Tiba-tiba mata sang kakek tertuju pada pohon pisang, dengan mata tuanya ia masih dapat melihat setandan pisang dari kejauhan. Dihampirinya pohon pisang itu bersama istrinya dan ternyata benar pisang tersebut sudah cukup besar dan sudah bisa dipetik. Dengan bantuan sang istri pisang tersebut dapat di bawa pulang. Memang disekitar tepi sawah kakek terdapat beberapa pohon pisang yang sengaja ia tanam.
Tubuh yang lelah seharian di sawah dengan sengatan terik matahari dan guyuran air hujan yang sudah menjadi sahabat sehari-harinya kakek petani dan tidak pernah mematahkan semangat kakek untuk bekerja merawat padi-padinya. Terlihat jelas dari wajah kakek yang sangat berharap padi-padinya menguning dengan sempurna dan mendapatkan hasil yang memuaskan agar kakek dapat memenuhi kebutuhan keluarganya.

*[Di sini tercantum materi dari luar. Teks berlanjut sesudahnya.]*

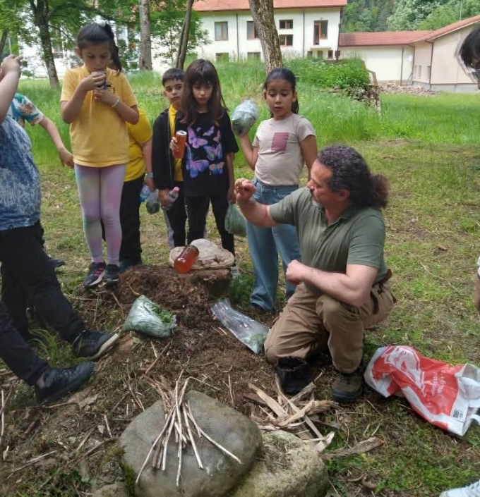 Имаше и вълнуващи моменти като палене на огън с помощта на гъба праханка - искрата се получава от прахан, кремък и чакмак и малките много се забавляваха, когато овладявайки древните умения огънят им се получаваше.
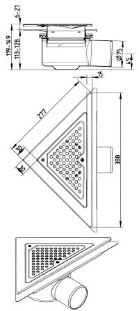 Regulowany wpust TRIO, trójkątny, odpływ poziom, odpływ DN =75 mm, z kołnierzem do izolacji

Demikianlah perjuangan kakek yang tak kenal lelah, tak peduli panas dan hujan, demi tanaman padinya ia yakin dengan pasti kelak akan ia panen. Ia yakin suatu hari nanti akan menikmati hasil jerih payahnya hari ini. Maka, ia pantang menyerah menghadapi segala tantangan dan hambatan yang menghadang. Ia bulatkan tekad untuk mempersembahkan yang terbaik.
Seharusnya, demikian juga kita dalam mengarungi kehidupan, kita harus punya tujuan yang jelas dan pasti yang akan kita capai esok lusa, dan kita bulatkan tekad dan segala daya upaya untuk mencapainya. Jangan mimpi semuanya akan berjalan lancar tanpa rintangan. Menanam padi saja pasti rumput akan ikut tumbuh, demikian juga impian yang kita tanam, pasti juga akan ditumbuhi semak dan ilalang. Kalau semak dan ilalang tidak kita bersihkan, bisa jadi impian kita akan layu dan mati.